The conservative Family Research Council in Washington blasted Hinkle's ruling. "A radical departure from natural law and human history, this Florida judge has further undermined the legitimacy of the courts in the eyes of the American people. These liberal activist judges may want to take America over the cultural cliff, but don't be surprised when more and more Americans refuse to follow," FRC Senior Fellow Chris Gacek said in a statement.
In March, eight same-sex couples who married elsewhere in the United States sued Florida to recognize their unions: Sloan Grimsley and Joyce Albu of Palm Beach Gardens; Lindsay Myers and Sarah Humlie of Pensacola; Chuck Hunziger and Bob Collier of Broward; Juan Del Hierro and Thomas Gantt Jr. of Miami; Christian Ulvert and Carlos Andrade of Miami; Richard Milstein and Eric Hankin of Miami; Robert Loupo and John Fitzgerald of Miami, and Denise Hueso and Sandra Jean Newson of Miami.
Del Hierro said he and Gantt met in 2008 as volunteers fighting the effort to amend Florida's Constitution to ban gay marriage. Now, they have a son together, Lucas, age 21 months.

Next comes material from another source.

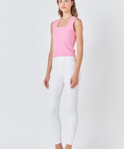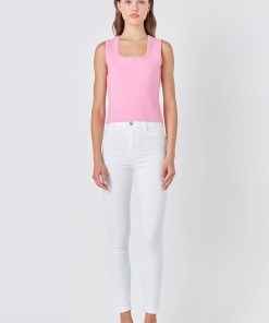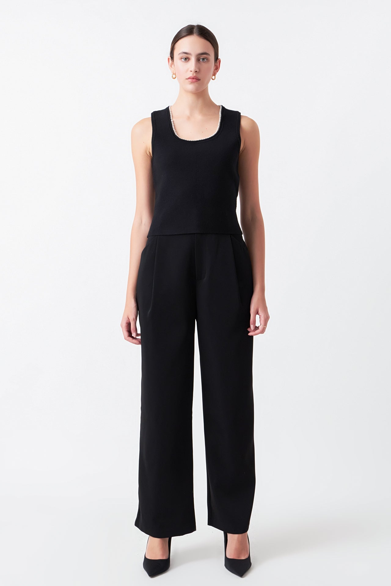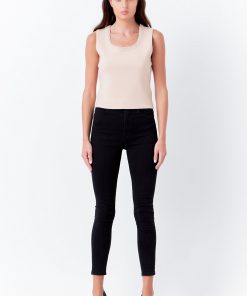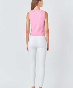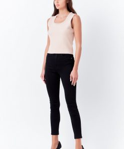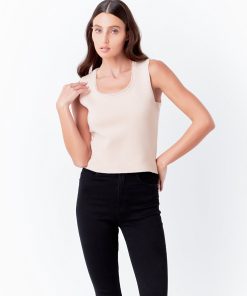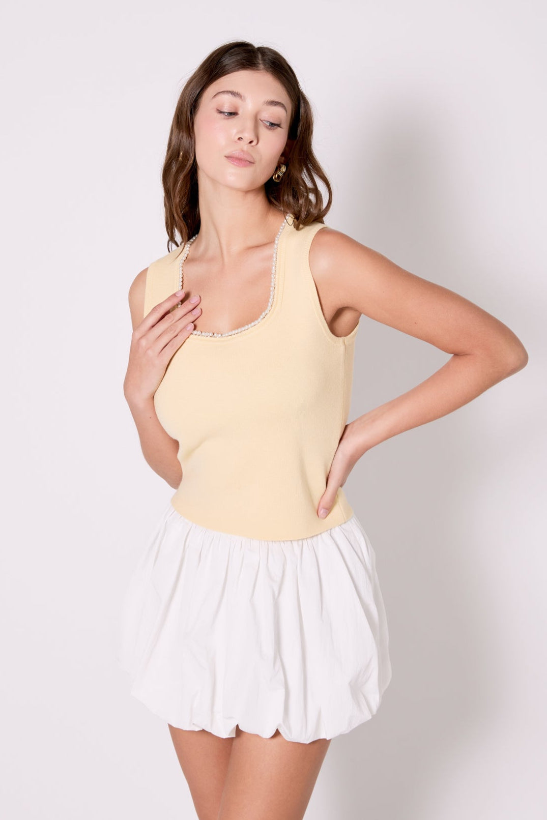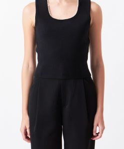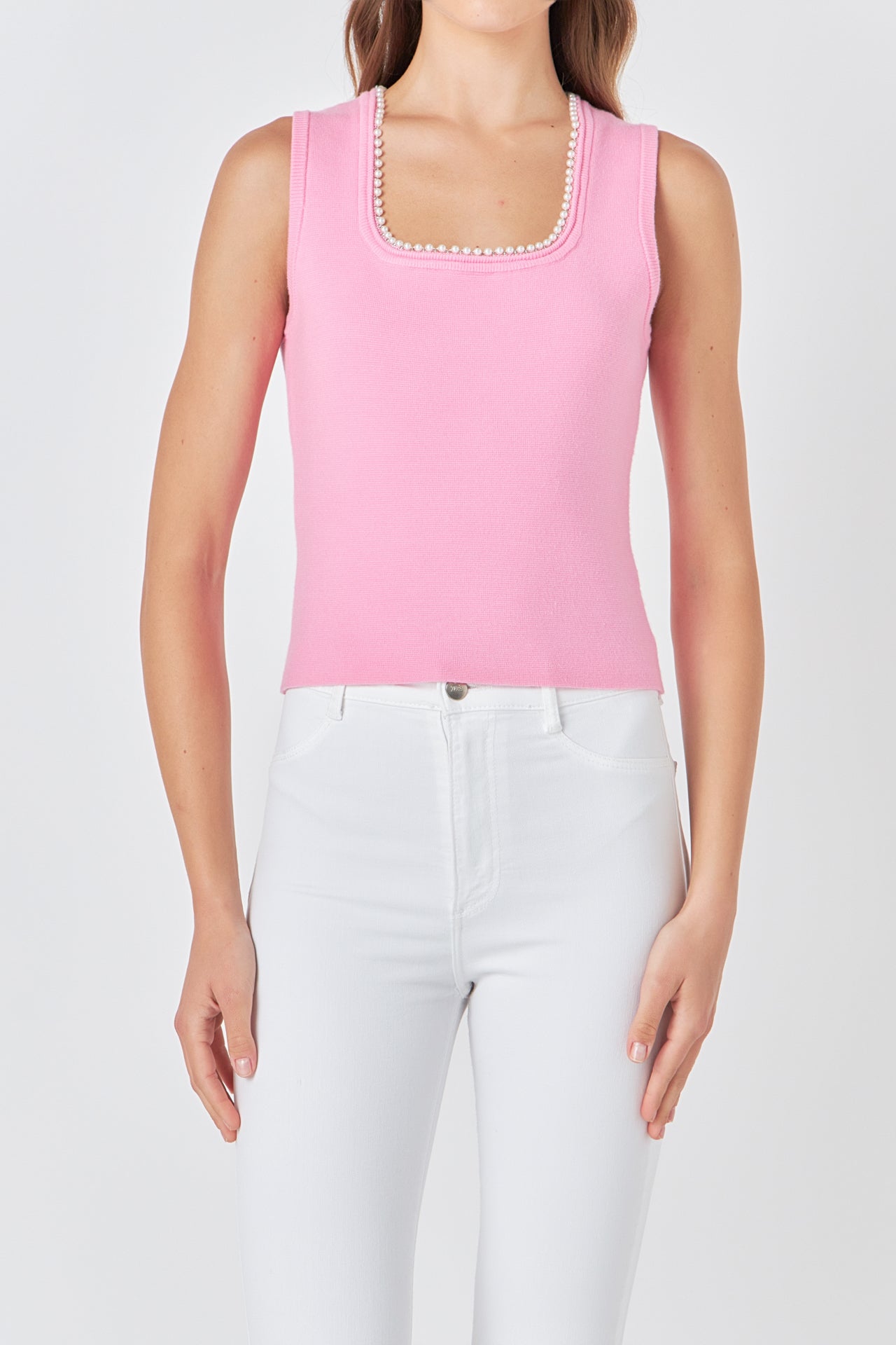Endless Rose Women’s Pearl Trim Knit Tank Top | Butter|taupe|pink|black

"It was volunteering for Amendment 2 that really solidified our relationship," Del Hierro said. "I remember saying it might take us 20 years to undo the damage it did. To be here six years later, with our family, with our son Lucas, is surreal. Not only to do this for our son, but for our community."

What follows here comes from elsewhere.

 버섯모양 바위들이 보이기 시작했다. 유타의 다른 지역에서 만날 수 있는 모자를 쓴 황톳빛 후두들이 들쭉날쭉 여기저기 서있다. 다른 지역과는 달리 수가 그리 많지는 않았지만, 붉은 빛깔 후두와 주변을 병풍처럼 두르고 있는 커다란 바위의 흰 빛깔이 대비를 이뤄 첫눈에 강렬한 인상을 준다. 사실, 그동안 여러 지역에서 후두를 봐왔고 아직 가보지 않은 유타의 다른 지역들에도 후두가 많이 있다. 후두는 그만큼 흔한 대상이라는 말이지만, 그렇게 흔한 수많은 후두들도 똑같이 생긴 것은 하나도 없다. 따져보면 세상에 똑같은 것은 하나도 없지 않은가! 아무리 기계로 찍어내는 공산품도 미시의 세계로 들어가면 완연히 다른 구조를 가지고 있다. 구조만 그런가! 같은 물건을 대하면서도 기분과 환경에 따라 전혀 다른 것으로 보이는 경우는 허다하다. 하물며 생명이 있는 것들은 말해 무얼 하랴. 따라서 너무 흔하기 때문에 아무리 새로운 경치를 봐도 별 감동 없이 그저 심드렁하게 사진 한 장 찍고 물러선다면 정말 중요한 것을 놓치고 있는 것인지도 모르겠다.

On April 10, the ACLU amended its complaint by adding another plaintiff: Arlene Goldberg of Fort Myers, whose wife, Carol Goldwasser, died March 13. Goldberg and Goldwasser had been partners for 47 years. They moved from the Bronx to Florida in 1989 and married in New York in October 2011.
The ACLU suit eventually was consolidated with a similar federal case involving two couples in North Florida, one already married in Canada and the other wanting to wed.
"It's the first federal decision in Florida. When the stay is lifted, it will have statewide impact," said Howard Simon, executive director of the ACLU of Florida. "What it will mean, when the stay is ultimately lifted, is that their families will be protected and strengthened. They'll start getting health insurance, pension benefits. They could protect their families with survivors benefits. These are the dramatic, practical ways that this victory will ultimately help families in Florida."
The gay-marriage battle is being waged across the nation. According to the national group Freedom to Marry, LGBT advocates have won more than 30 times in federal, state and appellate courts since June 2013, when the U.S. Supreme Court ruled in favor of Edith Windsor, a lesbian widow, and threw out a key portion of the 1996 federal Defense of Marriage Act.
Since mid-July there have been five rulings in Florida declaring the state's gay-marriage ban unconstitutional. The previous four rulings were in local courts throughout South Florida.
Hinkle's stay covered all aspects of the federal case except one: The judge ordered Goldwasser's death certificate be amended to show she was a married woman, not single at the time she died.
"The defendant Florida Surgeon General must issue a corrected death certificate for Carol Goldwasser showing that at the time of her death she was married to Arlene Goldberg," Hinkle wrote.
"Isn't that fabulous? I'm so excited," Goldberg said Thursday. "It confirms that they actually believe we were a couple. Married. We were together for 47 years and married for three in New York."
Goldberg is caring for her late wife's elderly parents. Because Florida hasn't recognized her marriage to Goldwasser, Goldberg is unable to collect her late wife's Social Security.
Bondi has until Sept. 22 to appeal the case or the ruling takes effect, allowing Goldberg to become eligible to collect Goldwasser's Social Security.
"Pam Bondi would have to go the 11th Circuit to deny survivor benefits to a woman who has been [with] her spouse for 47 years, who recently died, and would be less able to take care of her spouse's parents," Simon said. "That would be heartless."